● About this task
Print the records below exactly, omitting all pictures.

☆ ☆ ☆ ☆

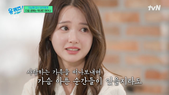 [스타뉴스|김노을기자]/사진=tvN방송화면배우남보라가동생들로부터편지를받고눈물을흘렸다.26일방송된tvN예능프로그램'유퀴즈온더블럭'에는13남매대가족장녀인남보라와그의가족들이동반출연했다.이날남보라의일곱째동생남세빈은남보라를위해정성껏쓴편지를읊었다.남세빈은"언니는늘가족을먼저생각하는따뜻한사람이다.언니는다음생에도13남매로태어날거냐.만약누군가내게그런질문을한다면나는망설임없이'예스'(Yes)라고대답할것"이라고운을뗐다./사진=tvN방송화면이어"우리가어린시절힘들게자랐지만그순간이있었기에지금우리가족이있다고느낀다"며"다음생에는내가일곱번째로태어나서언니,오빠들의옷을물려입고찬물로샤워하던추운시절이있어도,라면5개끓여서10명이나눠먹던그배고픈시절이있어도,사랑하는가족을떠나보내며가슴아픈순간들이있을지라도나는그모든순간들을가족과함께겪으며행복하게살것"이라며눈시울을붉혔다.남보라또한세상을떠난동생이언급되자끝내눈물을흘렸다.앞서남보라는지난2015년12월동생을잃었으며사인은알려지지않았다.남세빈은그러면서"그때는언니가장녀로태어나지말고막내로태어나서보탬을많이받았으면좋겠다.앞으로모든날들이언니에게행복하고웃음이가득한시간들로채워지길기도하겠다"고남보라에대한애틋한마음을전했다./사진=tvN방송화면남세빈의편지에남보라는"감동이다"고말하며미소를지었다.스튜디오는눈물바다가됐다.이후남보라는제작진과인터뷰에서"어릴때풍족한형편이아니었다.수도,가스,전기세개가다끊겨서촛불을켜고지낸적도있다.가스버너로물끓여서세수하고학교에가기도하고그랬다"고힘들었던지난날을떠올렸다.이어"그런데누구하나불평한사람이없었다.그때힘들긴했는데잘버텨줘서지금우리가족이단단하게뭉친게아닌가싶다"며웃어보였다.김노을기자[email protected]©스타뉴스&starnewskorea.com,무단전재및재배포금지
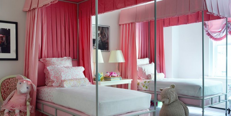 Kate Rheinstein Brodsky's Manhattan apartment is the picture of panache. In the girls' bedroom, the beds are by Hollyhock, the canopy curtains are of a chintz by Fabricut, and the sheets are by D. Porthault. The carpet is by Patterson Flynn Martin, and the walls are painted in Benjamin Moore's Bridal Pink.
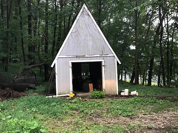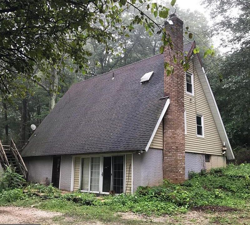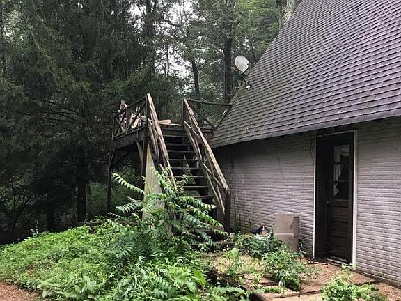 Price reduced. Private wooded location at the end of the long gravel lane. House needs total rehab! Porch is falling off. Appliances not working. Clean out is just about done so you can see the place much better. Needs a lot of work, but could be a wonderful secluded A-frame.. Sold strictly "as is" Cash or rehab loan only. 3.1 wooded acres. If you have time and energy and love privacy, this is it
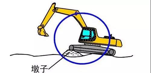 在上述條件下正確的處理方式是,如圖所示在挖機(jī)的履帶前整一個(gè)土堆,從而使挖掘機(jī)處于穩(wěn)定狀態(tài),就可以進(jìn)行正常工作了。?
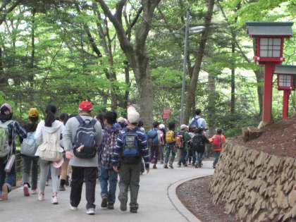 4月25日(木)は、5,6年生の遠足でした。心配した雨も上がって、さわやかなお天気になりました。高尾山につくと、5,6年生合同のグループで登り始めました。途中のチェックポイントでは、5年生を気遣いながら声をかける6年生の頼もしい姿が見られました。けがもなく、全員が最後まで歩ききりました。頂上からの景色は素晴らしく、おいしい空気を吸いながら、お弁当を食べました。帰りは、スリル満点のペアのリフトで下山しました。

☆ ☆ ☆ ☆

● Finished task
 [스타뉴스|김노을기자]/사진=tvN방송화면배우남보라가동생들로부터편지를받고눈물을흘렸다.26일방송된tvN예능프로그램'유퀴즈온더블럭'에는13남매대가족장녀인남보라와그의가족들이동반출연했다.이날남보라의일곱째동생남세빈은남보라를위해정성껏쓴편지를읊었다.남세빈은"언니는늘가족을먼저생각하는따뜻한사람이다.언니는다음생에도13남매로태어날거냐.만약누군가내게그런질문을한다면나는망설임없이'예스'(Yes)라고대답할것"이라고운을뗐다./사진=tvN방송화면이어"우리가어린시절힘들게자랐지만그순간이있었기에지금우리가족이있다고느낀다"며"다음생에는내가일곱번째로태어나서언니,오빠들의옷을물려입고찬물로샤워하던추운시절이있어도,라면5개끓여서10명이나눠먹던그배고픈시절이있어도,사랑하는가족을떠나보내며가슴아픈순간들이있을지라도나는그모든순간들을가족과함께겪으며행복하게살것"이라며눈시울을붉혔다.남보라또한세상을떠난동생이언급되자끝내눈물을흘렸다.앞서남보라는지난2015년12월동생을잃었으며사인은알려지지않았다.남세빈은그러면서"그때는언니가장녀로태어나지말고막내로태어나서보탬을많이받았으면좋겠다.앞으로모든날들이언니에게행복하고웃음이가득한시간들로채워지길기도하겠다"고남보라에대한애틋한마음을전했다./사진=tvN방송화면남세빈의편지에남보라는"감동이다"고말하며미소를지었다.스튜디오는눈물바다가됐다.이후남보라는제작진과인터뷰에서"어릴때풍족한형편이아니었다.수도,가스,전기세개가다끊겨서촛불을켜고지낸적도있다.가스버너로물끓여서세수하고학교에가기도하고그랬다"고힘들었던지난날을떠올렸다.이어"그런데누구하나불평한사람이없었다.그때힘들긴했는데잘버텨줘서지금우리가족이단단하게뭉친게아닌가싶다"며웃어보였다.김노을기자[email protected]©스타뉴스&starnewskorea.com,무단전재및재배포금지
 Kate Rheinstein Brodsky's Manhattan apartment is the picture of panache. In the girls' bedroom, the beds are by Hollyhock, the canopy curtains are of a chintz by Fabricut, and the sheets are by D. Porthault. The carpet is by Patterson Flynn Martin, and the walls are painted in Benjamin Moore's Bridal Pink.
 Price reduced. Private wooded location at the end of the long gravel lane. House needs total rehab! Porch is falling off. Appliances not working. Clean out is just about done so you can see the place much better. Needs a lot of work, but could be a wonderful secluded A-frame.. Sold strictly "as is" Cash or rehab loan only. 3.1 wooded acres. If you have time and energy and love privacy, this is it
 在上述條件下正確的處理方式是,如圖所示在挖機(jī)的履帶前整一個(gè)土堆,從而使挖掘機(jī)處于穩(wěn)定狀態(tài),就可以進(jìn)行正常工作了。?
 4月25日(木)は、5,6年生の遠足でした。心配した雨も上がって、さわやかなお天気になりました。高尾山につくと、5,6年生合同のグループで登り始めました。途中のチェックポイントでは、5年生を気遣いながら声をかける6年生の頼もしい姿が見られました。けがもなく、全員が最後まで歩ききりました。頂上からの景色は素晴らしく、おいしい空気を吸いながら、お弁当を食べました。帰りは、スリル満点のペアのリフトで下山しました。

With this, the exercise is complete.